To me, Brussels sprouts are an under-appreciated vegetable. Even as a young child, they have always been one of my favorites. Maybe it’s their smell while they’re cooking that turns people off? I will admit that if they are just boiled they don’t smell very appetizing, but if you cook them right, they’re really quite delicious.
A few years ago I discovered a new way to eat them when The Husband and I went to a farmer’s market where there was a stand of pickled vegetables. I am a pickle freak and will eat just about any kind of pickle so I went over to check it out. At this stand, they had pickled Brussels sprouts and I had to try them. On that day I discovered one of my favorite ways to eat Brussels sprouts.
July 22nd is Can-It-Forward Day and I was invited to participate. I have never canned before so I was excited to give it a try.
I was sent a set of four Ball® Elite® wide mouth canning jars and a wonderful All New Ball Book of Canning and Preserving for review. When Ball said they were going to send me a cookbook, I was expecting a small booklet with a handful of recipes, but this cookbook is truly amazing! It is loaded with creative recipes for jellies, jams, pickles, salsas and more.
While browsing through the cookbook I noticed there was a recipe for pickled Brussels sprouts so of course, I had to try them. In addition to recipes, the All New Ball Book of Canning and Preserving includes detailed instructions for hot water and pressure canning. As a canning novice, this book made it easy.
Making pickled Brussels sprouts
First, prepare your Brussels sprouts (fresh, please) by removing any discolored leaves and cutting off the stem. Once the stem is removed, cut a small X in the bottom with a paring knife.
After your sprouts are trimmed, boil them in hot water for about four minutes and drain. I let them sit in the colander for about a half hour before starting on the next steps so they would be cool enough to handle.
At this time you should also have a large ceramic or stainless steel pot with hot water simmering on medium heat. To this, you will add your empty jars to prepare them. This will help avoid cracking from extreme temperature changes.
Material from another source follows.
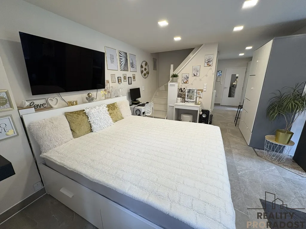 V obytném podkroví se nacházejí ložnice s dřevěnými podlahami a stylovým obvodovým LED osvětlením, které podtrhuje moderní charakter domu.

While your Brussels sprouts are cooling, add some vinegar, water, and salt to a pan. I used Kosher salt, but you could use pickling salt or sea salt. Allow the water to boil and turn it down to a simmer until you are ready to use it.
While the vinegar and water solution is doing its thing, put your jars in the hot water. After a couple of minutes, remove the jars and add peppercorns, garlic, a lemon wedge, and a head of dill.
To that, you will add the cooled Brussels sprouts and cover with the water and vinegar solution then cover the jars. Put your covered jars back in the large pan of hot water, cover, and leave them in the water for about ten minutes.
Be sure to adjust for altitude. Here in the Denver ‘burbs, ten minutes is fine as we are a bit above 5300 feet. At sea level, you will leave them in for less time, more at higher elevations above 6000 feet.
When time is up, remove the jars and put them on a towel. Let them sit undisturbed for 12-24 hours then make sure the lids are properly sealed. If so, store in your pantry or cabinet for about 3 weeks before opening. Your pickled Brussels sprouts should keep for about a year.
Pickled Brussels Sprouts
- 3 lbs fresh Brussels sprouts
- 5 cups white vinegar
- 2 cups water
- 1/3 cup salt pickling, sea, or Kosher
- 24 black peppercorns
- 12 garlic cloves smashed or sliced
- 6 dill heads
- 1 jalapeno pepper optional
- 1 lemon cut into 6 wedges (optional)
Remove discolored leaves from Brussels sprouts. Cut off stem ends, and cut a shallow X in the bottom of each sprout. Cut large sprouts in half. Cook in boiling water to cover, 4 minutes. Drain
Combine vinegar, water, and salt in a 3-quart stainless steel or enameled saucepan. Bring to boil. Reduce heat to low and simmer while filling jars.
Place 4 peppercorns, 2 garlic cloves, 1 dill head, 2 jalapeno slices (optional). and one lemon slice in hot jar. Pack jar tightly with Brussels sprouts, leaving a 1/2 inch headspace.
Remove air bubbles. Wipe jar rim. Center lid on jar, apply band, adjust to fingertip-tight. Place jar in boiling-water canner. Repeat until all jars are filled.
Process jars for 10 minutes, adjusting for altitude. Turn off heat; remove lid, let jars stand for five minutes. Remove jars and cool for 12-24 hours.
Store in a cabinet or pantry for about 3 weeks before opening.